=== Section Start ===

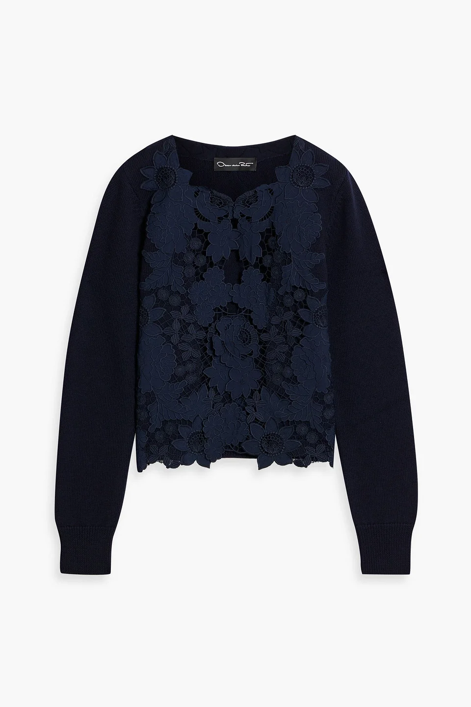 Guipure lace-paneled wool cardigan
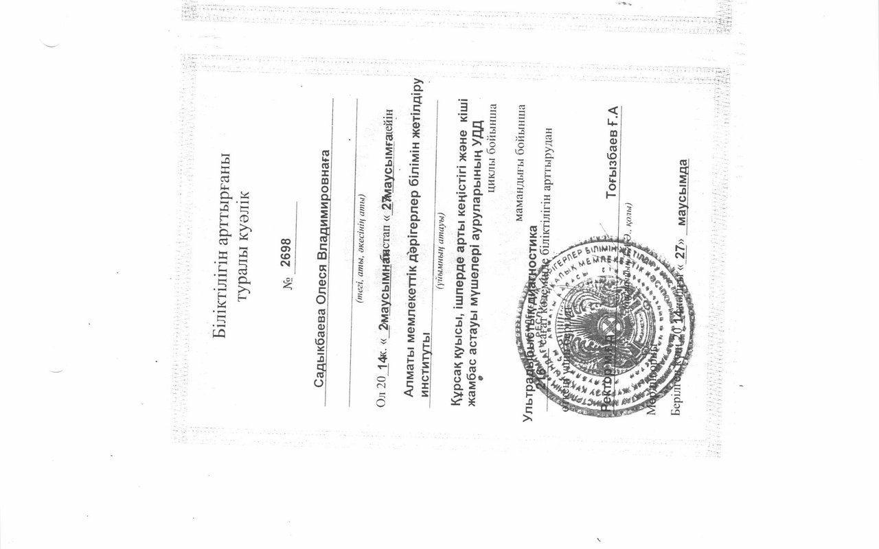 2014г. - выдан Сертификат специалиста по специальности "Лучевая диагностика (ультразвуковая диагностика)".
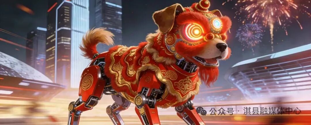 新山门广场的机器狗舞狮表演,硬核萌宠来拜年
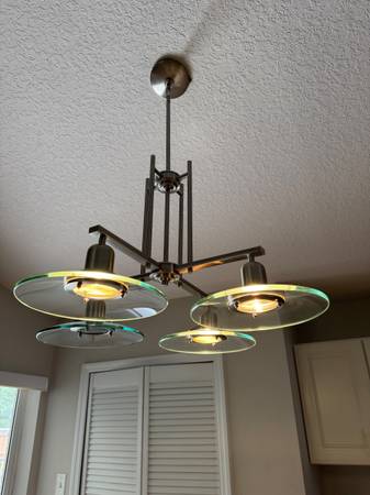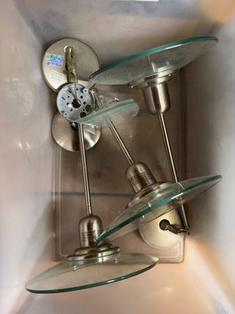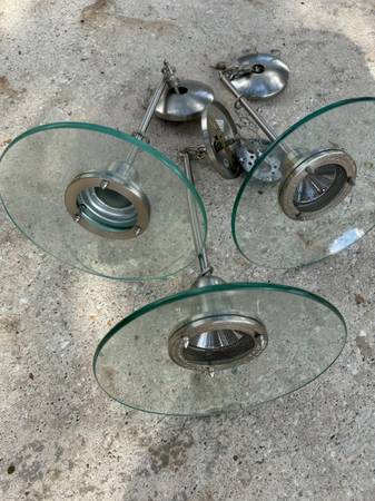 Stainless steel ceiling lights with glass components. 1 set of 4, and 3 individual lights. All in excellent condition Takes 50 watt Halogen bulbs. Very nice warm light. Beautiful in kitchen.

=== Section End ===

● WHAT NEEDS TO BE DONE
Give the listing again word for word. Skip every image.

● EXERCISE OUTPUT
 Guipure lace-paneled wool cardigan
 2014г. - выдан Сертификат специалиста по специальности "Лучевая диагностика (ультразвуковая диагностика)".
 新山门广场的机器狗舞狮表演,硬核萌宠来拜年
 Stainless steel ceiling lights with glass components. 1 set of 4, and 3 individual lights. All in excellent condition Takes 50 watt Halogen bulbs. Very nice warm light. Beautiful in kitchen.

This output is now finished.